Provided information section start

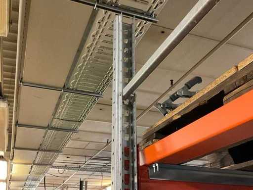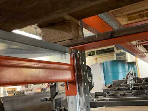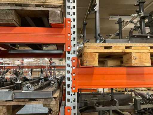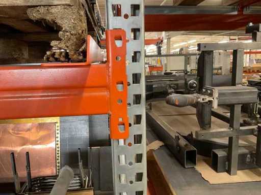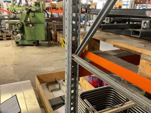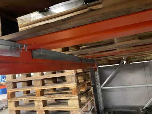 Heavy-duty shelf consisting of: 2 stands approx. 1100x3300mm, 1 stand approx. 1100x2900mm, 8 trusses approx. 3600mm, incl. pallet holders, with contents
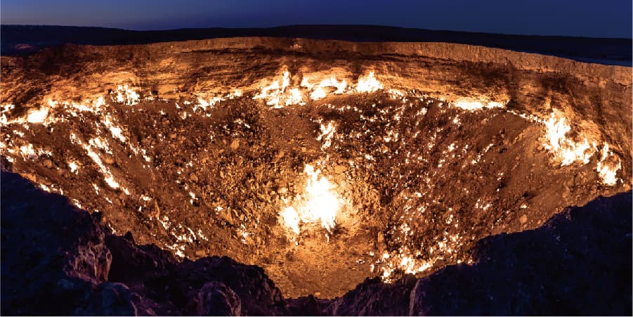 1971年前蘇聯地質學家探勘時意外發現的天然氣地下洞穴,因一場意外造成地表塌陷成直徑百米的大洞,有毒氣體不斷向外洩漏,地質學家們決定點燃天然氣以免有害氣體影響人體健康,原以為幾天就能平息的火焰,直至今日熊熊燃燒了近四十個年頭,這意外的決策創造了現在舉世無雙的奇景。
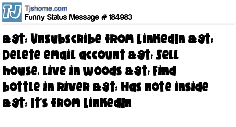 X says > Unsubscribe from LinkedIn > Delete email account > Sell house, live in woods > Find bottle in river > Has note inside > It's from LinkedIn
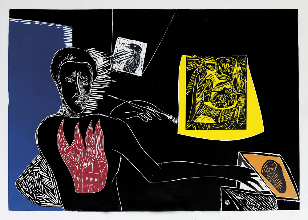 linoleumgrafia a 6 colori su carta cm. 97x135 (lastra cm. 81x121), esemplare PA 12/12, firma e anno in basso a destra.
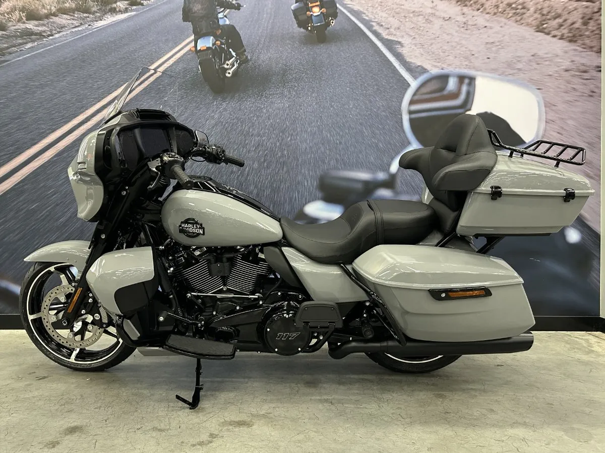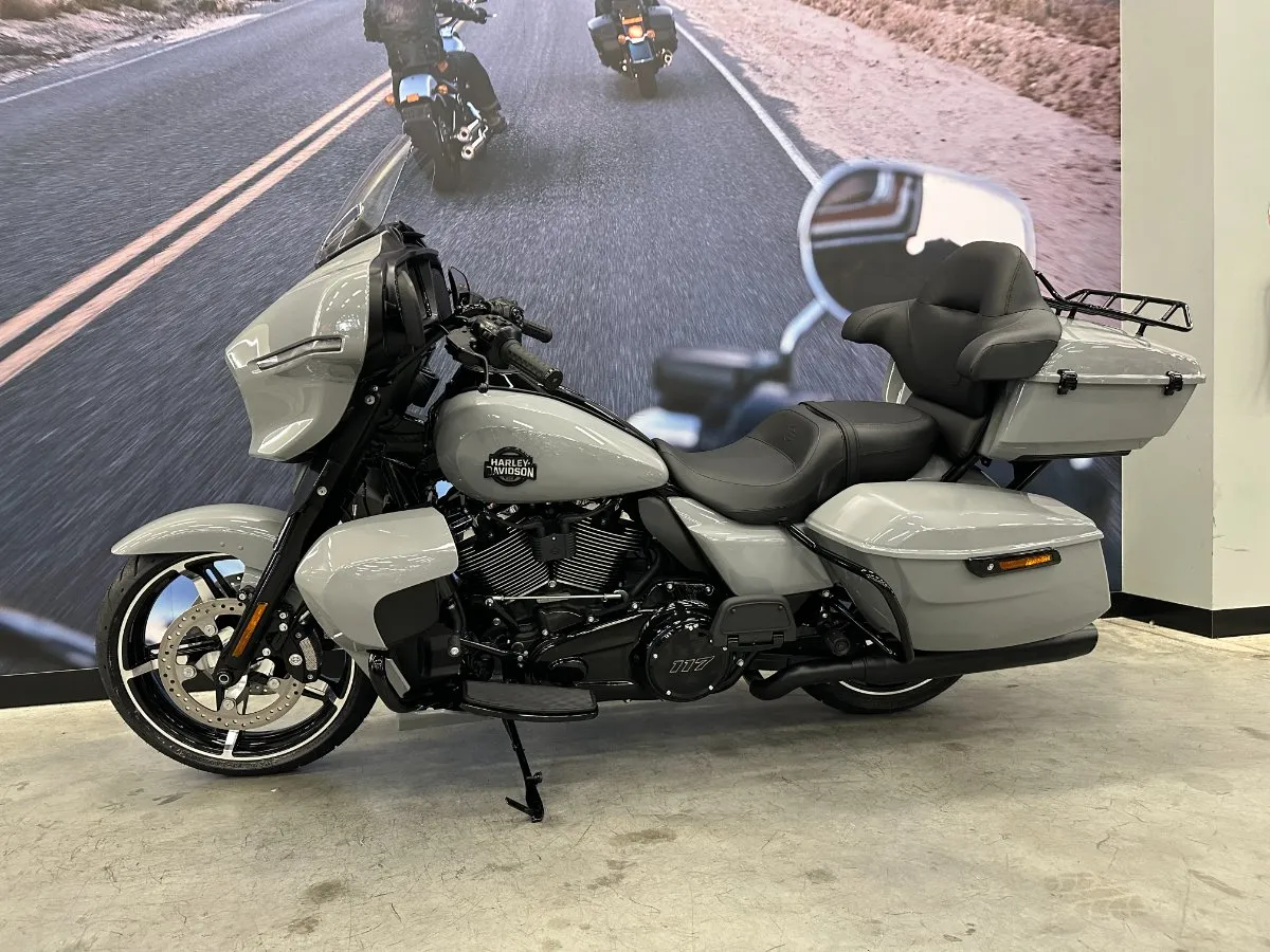 2025 HARLEY-DAVIDSON STREET GLIDE ULTRA 117 FINISHED IN BILLIARD GRAY ON BLACK TRIM.

Provided information section end

• Aim of the task: The reply should repeat the data in full, exactly as given, and contain no pictures.

• Answer to the problem:
 Heavy-duty shelf consisting of: 2 stands approx. 1100x3300mm, 1 stand approx. 1100x2900mm, 8 trusses approx. 3600mm, incl. pallet holders, with contents
 1971年前蘇聯地質學家探勘時意外發現的天然氣地下洞穴,因一場意外造成地表塌陷成直徑百米的大洞,有毒氣體不斷向外洩漏,地質學家們決定點燃天然氣以免有害氣體影響人體健康,原以為幾天就能平息的火焰,直至今日熊熊燃燒了近四十個年頭,這意外的決策創造了現在舉世無雙的奇景。
 X says > Unsubscribe from LinkedIn > Delete email account > Sell house, live in woods > Find bottle in river > Has note inside > It's from LinkedIn
 linoleumgrafia a 6 colori su carta cm. 97x135 (lastra cm. 81x121), esemplare PA 12/12, firma e anno in basso a destra.
 2025 HARLEY-DAVIDSON STREET GLIDE ULTRA 117 FINISHED IN BILLIARD GRAY ON BLACK TRIM.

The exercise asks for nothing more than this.